8.4.2 Locking periods in the Real Estate Transfer Tax Act
In addition to the inheritance tax lock periods, however, the lock periods within the Property Acquisition Tax Act must also be observed. A blocking period of ten years in accordance with § 5 para. 1 GrEStG is only given if a plot of land is transferred to a total hand of several co-owners. Here a real estate transfer tax is not charged if the share of the total hand assets corresponds to the share of the participants in the property during the blocking period of ten years, according to § 5 para. 3 sentence 1 GrEStG. The optimization according to § 1a KStG shall be treated as equivalent to the requirements, in accordance with § 5 para. 3 sentence 2 GrEStG.[195]
In the case of the transfer of property from a collective hand into the ownership of several persons involved in a collective hand and thus into co-ownership, in principle no real estate transfer tax is levied, cf. § 6 para. 1 sentence 1 GrEStG.
However, if a person trading company later decides to opt for taxation under the Corporate Tax Act, this violates the blocking period regulation according to § 5 para. 3 sentence 3 GrEStG.[196]
8.4.3 Locking periods for the transfer of co-entrepreneur shares
If a co-contractor share or a company or Transferring part of the operation free of charge applies in principle i.S. of § 6 Abs. 3 EStG the continuation of the book value. However, the transferor may retain special operating assets. In this case, a blocking period of five years according to § 6 Abs. 3 sentence 2 EStG. Within this blocking period, the acquired co-entrepreneur share or operation or part of the operation is not abandoned or disposed of. Otherwise, the retroactive consideration of the partial value applies, which leads to the realization of profit and thus to the business tax liability.
The change of form, which is fabricated by the optimization, is also a sale or task within the meaning of § 6 para. 3 sentence 2 of the EStG.[197] In this case, it is irrelevant whether the shape change has taken place under book or intermediate values or under common values. [198]
In order to avoid a breach of the lock-up period, the shareholder share must later be transferred to a corporation at book values. In addition, there must be a participation in the corporation for at least five years. During this period, the share of the co-entrepreneur may neither be abandoned nor sold, according to §20 UmwStG i.V. m. § 25 UmwStG i.V. m. §6 Abs. 3 sentence 2 EStG.[199]

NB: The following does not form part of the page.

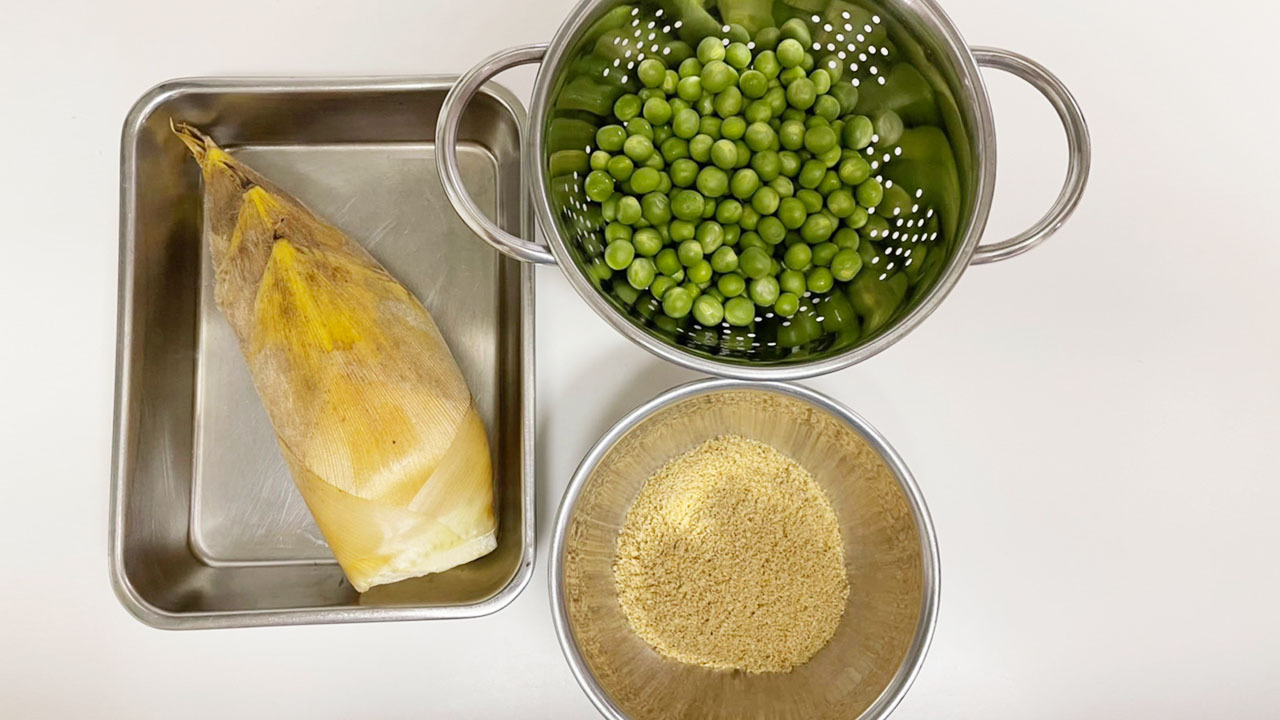 ② グリンピースをさっと茹でておく

Basically, the option according to § 1a para. 2 sentence 1 KStG, however, a change of legal form which is equated with a sale. This change of form thus results in a violation of the blocking period, in accordance with § 6 Abs. 3 sentence 2 EStG.
There are various conversion variants for companies to convert their current legal form. The various possibilities for carrying out conversions are supported by the conversion law on the one hand and the conversion tax law on the other. Not only tax or business reasons are behind the decision to convert a company. Private reasons, such as securing the succession, can also be motives for this. If a limited liability company is converted into a partnership, this may take the form of a change of legal form or merger. In contrast to the merger, only one legal entity is involved in the change of legal form. Since here only a pure transfer of assets takes place and the identity is preserved, this variant is often used in practice. The change of legal form of a corporation into a partnership, in this case from a GmbH to a GmbH & Co. KG, is largely uncomplicated under civil law.

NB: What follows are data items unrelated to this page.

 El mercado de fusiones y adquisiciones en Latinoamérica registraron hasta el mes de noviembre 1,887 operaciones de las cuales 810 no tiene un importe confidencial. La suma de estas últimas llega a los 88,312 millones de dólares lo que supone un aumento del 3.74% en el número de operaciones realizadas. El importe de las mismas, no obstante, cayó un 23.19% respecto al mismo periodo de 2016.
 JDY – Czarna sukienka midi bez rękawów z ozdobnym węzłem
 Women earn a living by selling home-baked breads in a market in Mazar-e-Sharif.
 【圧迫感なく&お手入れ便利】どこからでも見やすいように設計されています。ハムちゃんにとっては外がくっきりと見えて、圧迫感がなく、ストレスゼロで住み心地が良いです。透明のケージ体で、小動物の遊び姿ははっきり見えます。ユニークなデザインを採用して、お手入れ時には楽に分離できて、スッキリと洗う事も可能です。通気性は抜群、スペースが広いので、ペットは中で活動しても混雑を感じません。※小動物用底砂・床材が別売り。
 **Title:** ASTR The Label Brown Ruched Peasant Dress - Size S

The merger of a GmbH into a GmbH & Co. KG is the second possibility of conversion. This involves the transferring legal entity, the GmbH, and the acquiring legal entity, the GmbH & Co. KG. From a tax point of view, the possibilities for conversion do not differ between change of form and merger. Both conversions are subject to the statutory provisions of the Conversion Tax Act. Even if, under civil law, a mere transfer of assets takes place in the change of legal form, a greater amount of work is to be carried out under tax law, both in the change of legal form and in the merger. The reason for this is the change from a corporation to a partnership. Both companies are generally treated differently for tax purposes. Whether a change of legal form from a corporation to a partnership always makes sense can not be decided on a blanket basis. Companies must analyze a conversion in detail in advance. It is not only the impact on society that needs to be considered, but also the impact on shareholders. Even if a change of legal form or merger has been deemed appropriate in advance, it is necessary to verify that the effects of such a conversion do not overcompensate for the aspects envisaged in advance. Various blocking periods must be observed and in addition to the income tax or accounting consequences, the real estate tax and trade tax consequences must not be ignored. With the introduction of the new option to opt for corporate tax as a person trading company, in accordance with § 1a KStG, the attractiveness of a partnership from a tax point of view has increased in any case, since the overall tax burden is lower. Nevertheless, the question of whether a conversion of a corporation into a partnership makes sense cannot be answered in a blanket optimum manner. This decision must be considered individually for each company.
With regard to the hidden reserves, there is the possibility to realize the conversion tax-neutrally. However, after the elaboration described, I come to the conclusion that it can also make sense to realize hidden reserves in order to achieve higher depreciation rates for the acquiring legal entity. Higher depreciation rates lead to a lower profit, which in turn would lead to lower taxes in subsequent years. Whether here, however, the full hidden reserves should be revealed or there is an optimal intermediate value, cannot be calculated flat-rate. Among other things, this is also dependent on the varying tax rates of the participants or whether a thesaurierungsoption is exercised or the option according to § 1a KStG is used. Also, the possible lower taxes in subsequent years by such a discovery of the hidden reserves must always be considered in relation to the actual taxes arising from the discovery in the conversion process.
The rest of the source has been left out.